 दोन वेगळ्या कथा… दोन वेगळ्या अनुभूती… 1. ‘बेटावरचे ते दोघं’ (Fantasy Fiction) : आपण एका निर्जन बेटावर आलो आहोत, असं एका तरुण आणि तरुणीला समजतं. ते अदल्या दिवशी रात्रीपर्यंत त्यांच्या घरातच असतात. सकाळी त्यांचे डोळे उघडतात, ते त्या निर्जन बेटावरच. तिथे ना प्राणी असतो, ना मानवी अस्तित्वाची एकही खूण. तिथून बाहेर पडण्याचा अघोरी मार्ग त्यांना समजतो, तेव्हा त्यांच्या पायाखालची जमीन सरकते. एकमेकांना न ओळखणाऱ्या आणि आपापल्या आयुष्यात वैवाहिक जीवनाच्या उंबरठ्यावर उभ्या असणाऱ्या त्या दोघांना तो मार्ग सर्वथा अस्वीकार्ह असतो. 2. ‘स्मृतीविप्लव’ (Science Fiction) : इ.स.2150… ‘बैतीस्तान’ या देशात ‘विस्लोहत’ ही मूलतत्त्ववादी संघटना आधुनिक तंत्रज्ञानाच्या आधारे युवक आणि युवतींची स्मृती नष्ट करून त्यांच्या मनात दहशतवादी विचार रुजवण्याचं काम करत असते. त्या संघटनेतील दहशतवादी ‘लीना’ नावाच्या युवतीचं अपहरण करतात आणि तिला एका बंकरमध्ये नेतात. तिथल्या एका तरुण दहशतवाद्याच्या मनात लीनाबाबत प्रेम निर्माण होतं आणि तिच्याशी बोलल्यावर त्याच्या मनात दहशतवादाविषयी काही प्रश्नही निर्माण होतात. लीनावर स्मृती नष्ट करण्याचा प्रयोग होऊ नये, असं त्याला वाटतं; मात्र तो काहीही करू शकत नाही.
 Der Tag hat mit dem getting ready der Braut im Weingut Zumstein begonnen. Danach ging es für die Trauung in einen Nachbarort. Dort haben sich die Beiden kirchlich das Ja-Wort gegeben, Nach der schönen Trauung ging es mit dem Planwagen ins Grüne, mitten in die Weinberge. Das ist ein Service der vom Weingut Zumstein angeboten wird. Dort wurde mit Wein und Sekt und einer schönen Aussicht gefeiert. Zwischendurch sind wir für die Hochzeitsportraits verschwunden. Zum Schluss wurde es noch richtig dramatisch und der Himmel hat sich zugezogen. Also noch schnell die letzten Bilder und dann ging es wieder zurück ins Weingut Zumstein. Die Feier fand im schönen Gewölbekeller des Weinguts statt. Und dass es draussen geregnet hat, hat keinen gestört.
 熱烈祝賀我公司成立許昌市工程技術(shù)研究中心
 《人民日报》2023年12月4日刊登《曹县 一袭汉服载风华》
___
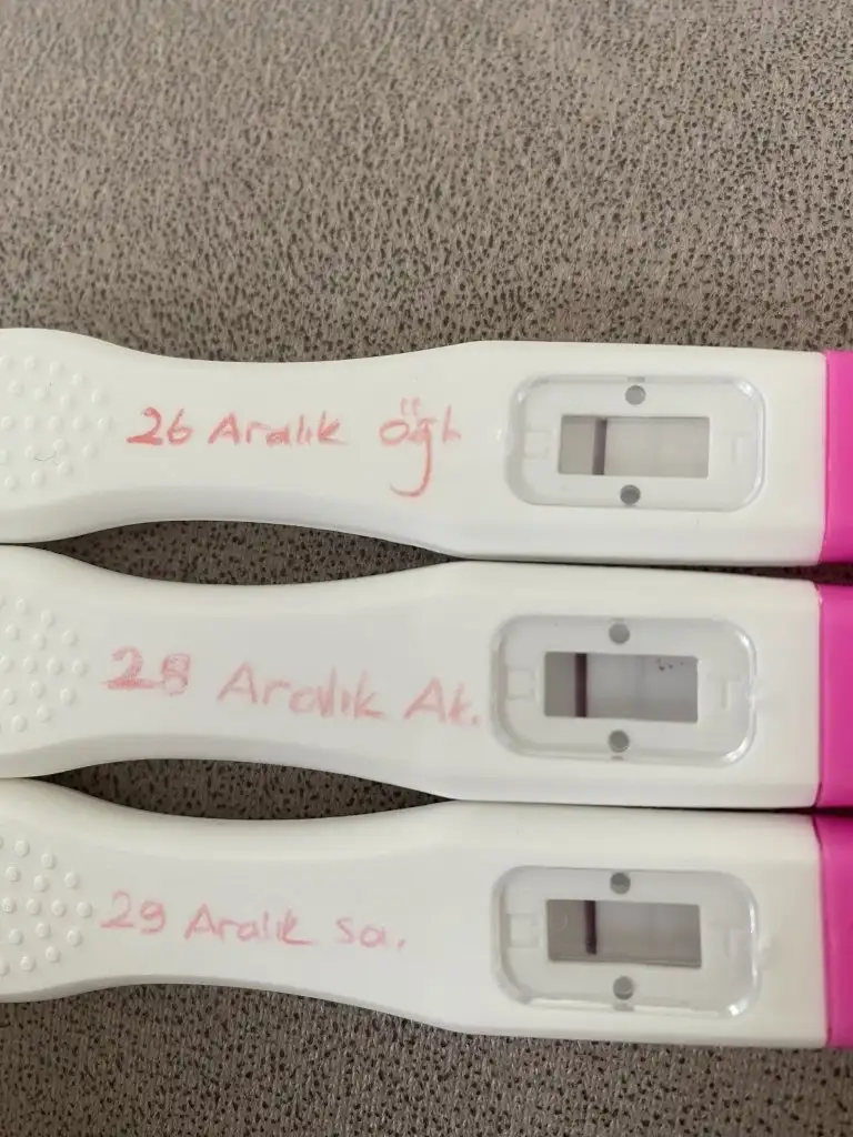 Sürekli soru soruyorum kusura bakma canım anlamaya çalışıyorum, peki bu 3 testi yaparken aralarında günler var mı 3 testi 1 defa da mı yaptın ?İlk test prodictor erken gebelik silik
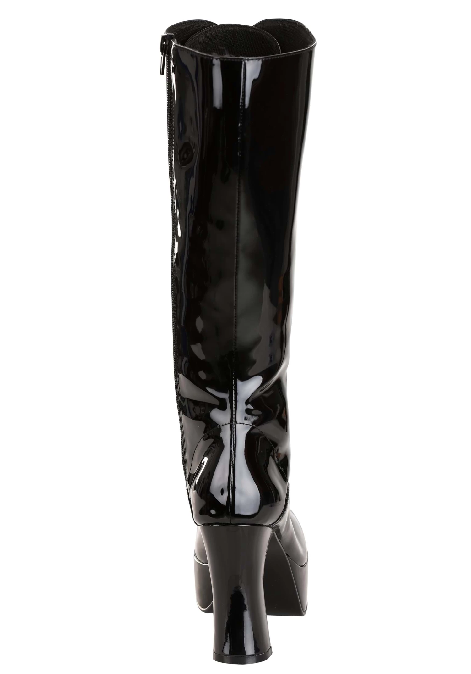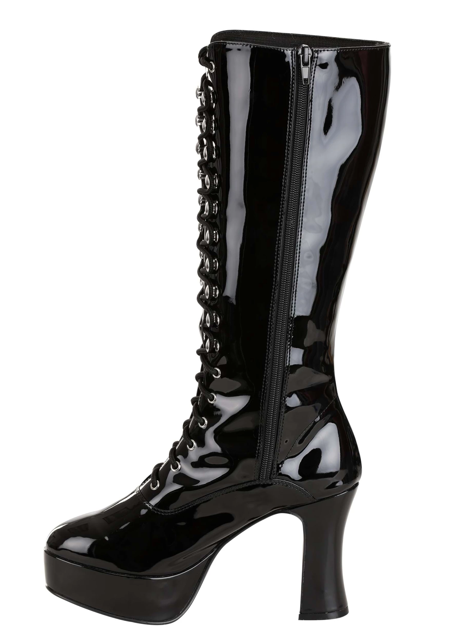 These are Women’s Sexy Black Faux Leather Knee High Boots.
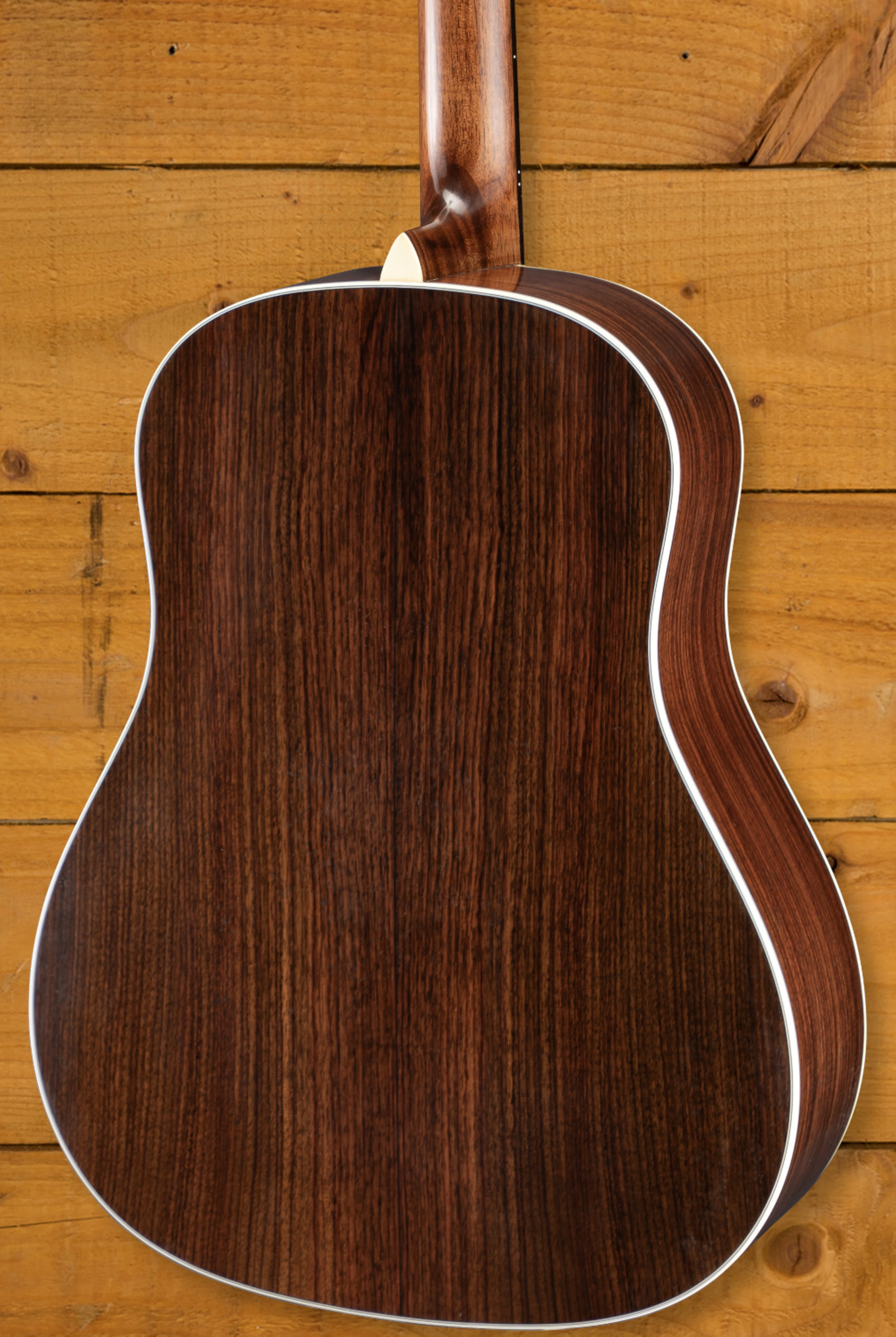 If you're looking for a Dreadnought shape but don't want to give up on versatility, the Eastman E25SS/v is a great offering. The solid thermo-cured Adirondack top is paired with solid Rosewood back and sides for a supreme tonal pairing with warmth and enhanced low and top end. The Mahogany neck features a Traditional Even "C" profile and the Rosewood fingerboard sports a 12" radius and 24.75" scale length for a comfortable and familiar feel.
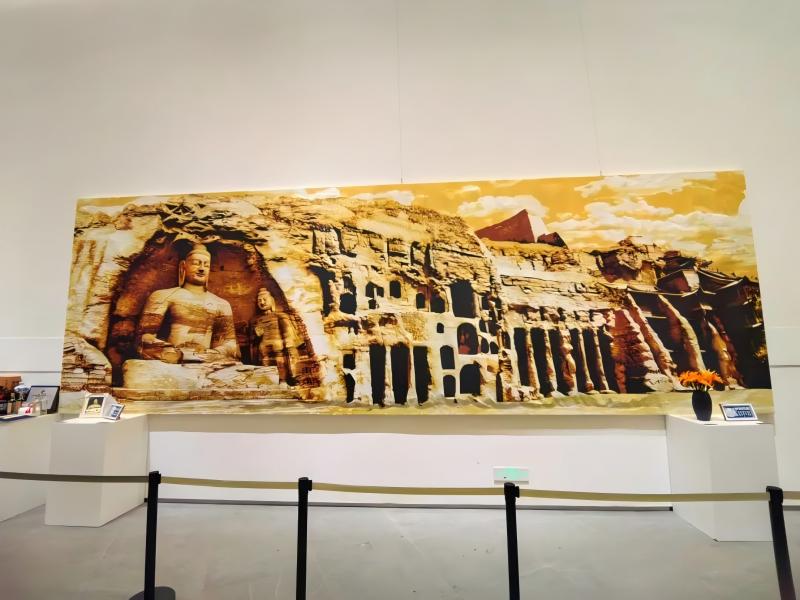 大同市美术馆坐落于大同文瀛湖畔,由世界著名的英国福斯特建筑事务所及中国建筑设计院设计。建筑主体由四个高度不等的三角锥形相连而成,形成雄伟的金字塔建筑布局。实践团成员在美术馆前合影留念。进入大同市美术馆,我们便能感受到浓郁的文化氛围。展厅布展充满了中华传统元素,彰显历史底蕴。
___
> _How to complete this task_
Going by the data above, the answer is exactly the lines from the one holding "Sürekli soru soruyorum" to the one holding "大同市美术馆坐落于大同文瀛湖", both kept, with the pictures left out.

> _Answer section_
 Sürekli soru soruyorum kusura bakma canım anlamaya çalışıyorum, peki bu 3 testi yaparken aralarında günler var mı 3 testi 1 defa da mı yaptın ?İlk test prodictor erken gebelik silik
 These are Women’s Sexy Black Faux Leather Knee High Boots.
 If you're looking for a Dreadnought shape but don't want to give up on versatility, the Eastman E25SS/v is a great offering. The solid thermo-cured Adirondack top is paired with solid Rosewood back and sides for a supreme tonal pairing with warmth and enhanced low and top end. The Mahogany neck features a Traditional Even "C" profile and the Rosewood fingerboard sports a 12" radius and 24.75" scale length for a comfortable and familiar feel.
 大同市美术馆坐落于大同文瀛湖畔,由世界著名的英国福斯特建筑事务所及中国建筑设计院设计。建筑主体由四个高度不等的三角锥形相连而成,形成雄伟的金字塔建筑布局。实践团成员在美术馆前合影留念。进入大同市美术馆,我们便能感受到浓郁的文化氛围。展厅布展充满了中华传统元素,彰显历史底蕴。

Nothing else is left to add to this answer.